Start of DATA FOR PROCESSING

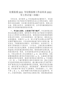 纪委监委2021年纪检监察工作总结及2022年工作计划(市级)
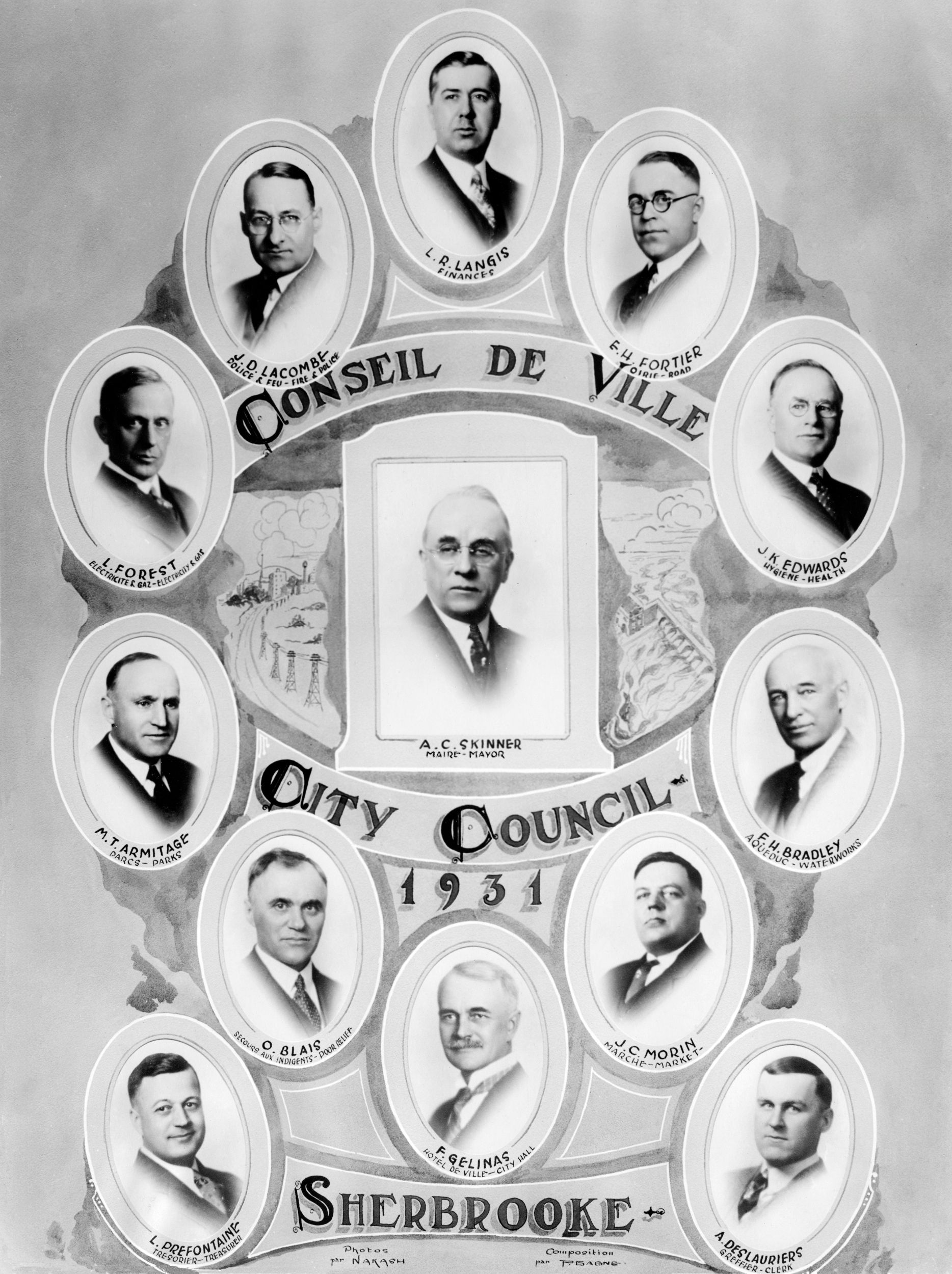 Les treize portraits des conseillers municipaux et du maire de Sherbrooke en 1931. Jusqu’en 1889, leur nombre était de sept seulement. (Photo Collection du Musée d’histoire de Sherbrooke)
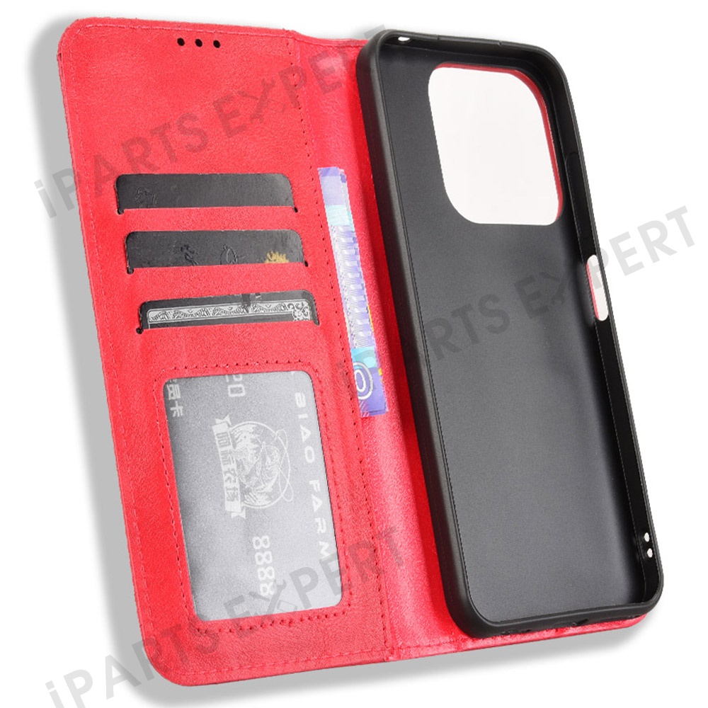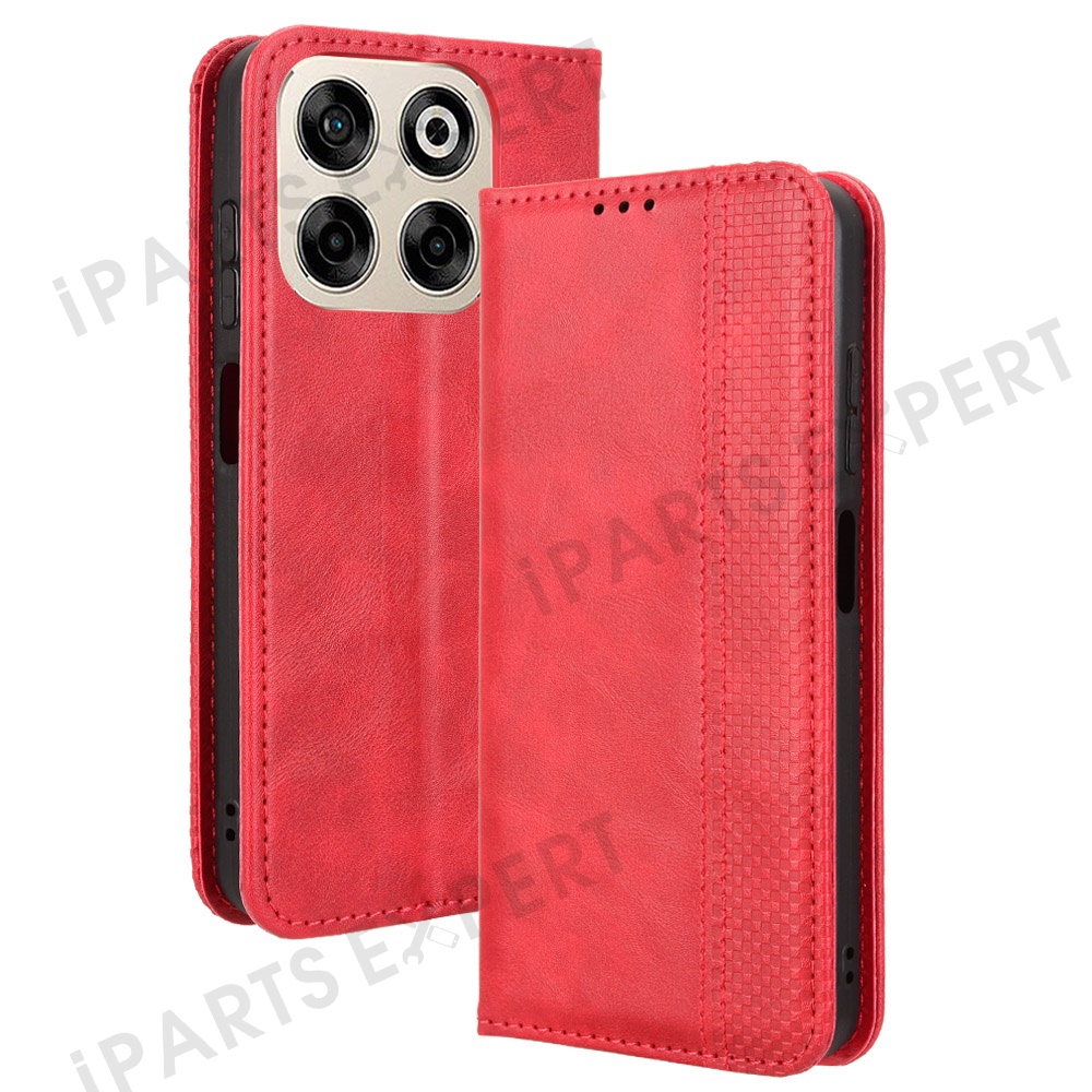 For ZTE Blade V70 / nubia V70 Leather Case Wallet Stand Retro Texture Phone Cover - Red
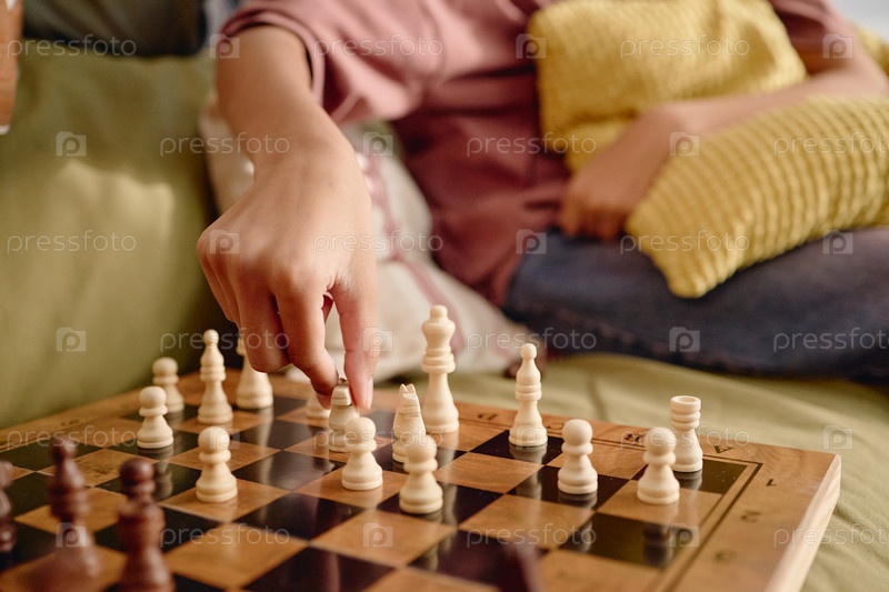 Девушка-подросток играет в шахматы на диване дома
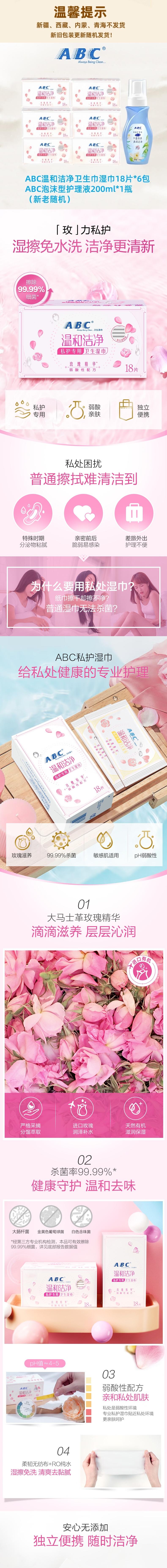 ABC 湿巾护理液组合(温和洁净18片*6包+泡沫200ml*1瓶) R06U01H
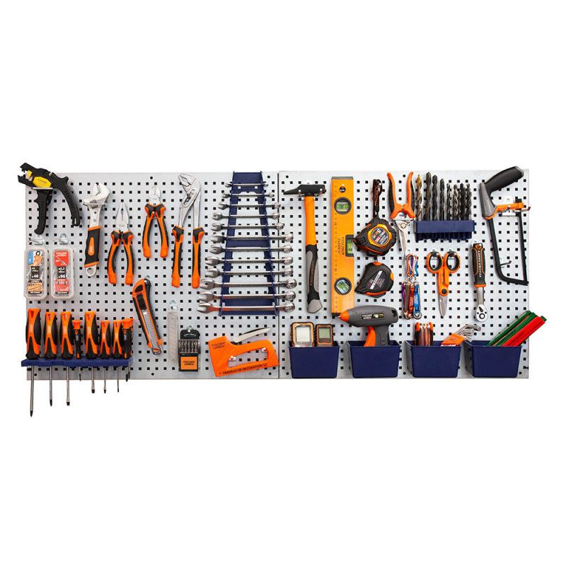 Panneaux perforés modulaires en métal et crochets muraux pour rangement d'outils de garage - Kit combo de panneaux perforés (110 x 23 cm) - Accessoires durables et polyvalents

End of DATA FOR PROCESSING

*TASK REQUIREMENTS*
Only what runs from the line with "ABC 湿巾护理液组合(温和洁净18片*6包+泡沫200ml*1瓶) R06U01H" through the last line of the listing above belongs in the answer, set down exactly and free of pictures.

*REPLY TO THE TASK*
 ABC 湿巾护理液组合(温和洁净18片*6包+泡沫200ml*1瓶) R06U01H
 Panneaux perforés modulaires en métal et crochets muraux pour rangement d'outils de garage - Kit combo de panneaux perforés (110 x 23 cm) - Accessoires durables et polyvalents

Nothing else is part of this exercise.